В ту ночь Лена так и не смогла уснуть, несмотря на проглоченную таблетку веронала. Усталость была, но закрыть глаза и погрузиться в сон мешала неизвестность. Лена знала, что Войтек ушел из Розенбурга почти сразу же после их разговора. Столько времени прошло с этой поры! За окном успело потемнеть сумерками. Поэтому Лена до сих пор не понимала, удачно ли все происходит для них или нет.

Что, если тело нашли раньше, чем до него добрался Войтек? Что, если его самого схватили? Что, если вот-вот на пороге замка появятся эсэсовцы?

Только около полуночи раздался легкий стук в дверь, и на пороге появился поляк, усталый и грязный, но довольный. Он протянул Лене документы, и она с трудом удержалась на ногах от облегчения, нахлынувшего на нее волной.

— Никто теперь ни за что не найдет этого ублюдка, — произнес Войтек так уверенно, что Лена поняла — тело надежно укрыто. — Зато теперь у нас есть форма полицейского и его документы. Я бы сказал, что все, что ни делается, но… Как ты сама, Лена? Успокоилась?

Он коснулся пальцами ее волос, которые стали заметно короче теперь, и улыбнулся грустно, глядя на нее со странным выражением в глазах:

— Я бы отдал все, лишь бы этого не случилось…

— Я не хочу говорить об этом, — тихо оборвала Лена и отстранилась, чтобы прядь волос выскользнула его пальцев. Ей были неприятны чужие прикосновения. Близость мужчины, пусть и знакомого, почему-то нервировала. Вдруг захотелось, чтобы Войтек ушел из ее комнаты, где ему было запрещено находиться.

— Спасибо, что помог, Войтек. Без тебя я бы не справилась, — сказала она от всего сердца.

— Ты же знаешь, я для тебя сделаю все, — ответил на это поляк перед уходом, улыбаясь ей с нежностью. — И для меня ничего не поменялось… Несмотря на то, что сделала эта курва.

Письмо Рихарда Лена развернула только утром, когда собиралась к завтраку. Понимала, что едва развернет лист бумаги и прочитает строки, написанные уже знакомым почерком, то снова лишится самообладания, которое с трудом восстановила за ночь. Так и вышло. Только она прочитала «Моя нежно любимая Ленхен…», как слова расплылись перед глазами из-за слез.

Как она скажет ему о том, что произошло?
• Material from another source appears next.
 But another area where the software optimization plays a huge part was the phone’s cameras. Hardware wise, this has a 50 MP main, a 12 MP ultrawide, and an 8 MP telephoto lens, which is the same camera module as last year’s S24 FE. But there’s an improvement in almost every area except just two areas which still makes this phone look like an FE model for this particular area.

Как объяснит, почему оказалась в лесу одна, проигнорировав его приказы? Рихард пытался предупредить, сделать все, что было в его силах, чтобы уберечь ее. Правду сказать было нельзя, а никакая ложь не была бы достаточным оправданием. Он просил ее, взял с нее обещание, а она нарушила свое слово. Она не сберегла себя. Для него не сберегла.

Я живу только наполовину здесь. Потому что большая часть моего сердца осталась в Германии, рядом с тобой. Я все время думаю о тебе. Все вокруг напоминает о тебе, моя Ленхен. И я считаю дни до той поры, когда смогу вырваться в отпуск. Говорят, в ближайшее время отпуска давать не будут, но я не теряю надежды снова увидеть тебя. Наяву, а не во сне, как это бывает сейчас. Я так часто думаю о тебе, что почти каждую ночь забираю тебя в свои сны. Ты знаешь это? Видишь ли меня ночами, как я вижу тебя?
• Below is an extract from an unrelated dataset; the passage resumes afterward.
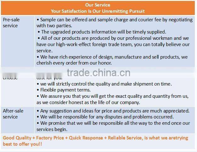 ★In order to improve the level of management,satisfy the demand of our clients,we passed the quality management system of ISO 9001. “ Good Reputation,Efficient Management and Excellent Service” make us take up an advantageous position in the world markets.
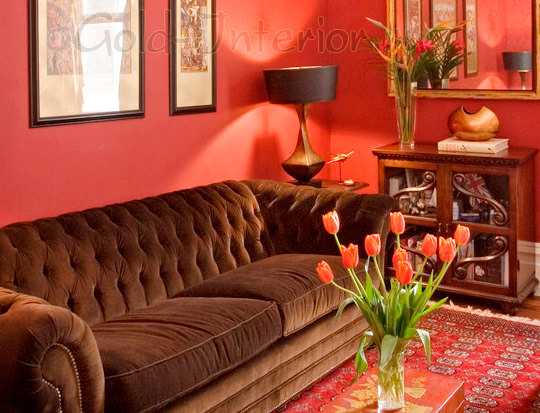 Очень энергичные и чувственные интерьеры получаются там, где темно-коричневый встречается с красным. Любые вариации на шоколадно-ягодную тему выглядят притягательно. А если использовать оба цвета в приглушенном выражении, то комната примет официальный и респектабельный вид. Такую смесь традиционно используют в помещениях, ориентированных на отдых – будуарах, спальнях, столовых. Если же усилить энергию терракотового, то интерьер станет располагать к активным действиям, в этой комнате можно обустраивать гостиную или рабочий кабинет.

Никогда не думал, что такое может случиться со мной. Настолько все необычно, настолько глубоко… Поэтому я уверен, что не ошибся — ты лесная дева, волшебное создание из сказок. Помнишь старую сказку, которую мы обсуждали, когда встретились? Про деву, сидящую на берегу Рейна, и увлекающую своей неземной красотой любого, кто проплывает мимо нее? Я уверен сейчас, что эта дева — это ты, мое сердце. Околдовала меня своими глазами, заворожила голосом, оплела золотом волос твоей косы…
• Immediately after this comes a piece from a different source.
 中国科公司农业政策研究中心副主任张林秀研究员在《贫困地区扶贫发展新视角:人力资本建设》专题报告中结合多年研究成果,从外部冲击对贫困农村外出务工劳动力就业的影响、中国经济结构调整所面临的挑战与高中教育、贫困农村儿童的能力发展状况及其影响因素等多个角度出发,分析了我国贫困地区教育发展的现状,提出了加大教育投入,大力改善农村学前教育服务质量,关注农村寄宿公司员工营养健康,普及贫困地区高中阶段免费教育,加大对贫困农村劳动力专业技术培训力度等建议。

Это письмо Лена сложила в тайник к остальным, которое получила от Рихарда. Почему-то подумала, когда закрывала половицу, что словно крышку гроба опускает на все, что связывало ее с ним — письма, фотокарточку, книги. Поговорка про двух зайцев была права. Ей нельзя гнаться сразу обоими. И она забылась совсем о том, где находится сейчас, и том, что немцы вовсе не люди в большинстве своем. Они звери, жестокие хищники, не знающие жалости…

Следующим утром за завтраком мимоходом, словно обсуждая городские сплетни, Айке рассказала, что вчера ночью не вернулся один из шупо с дежурства.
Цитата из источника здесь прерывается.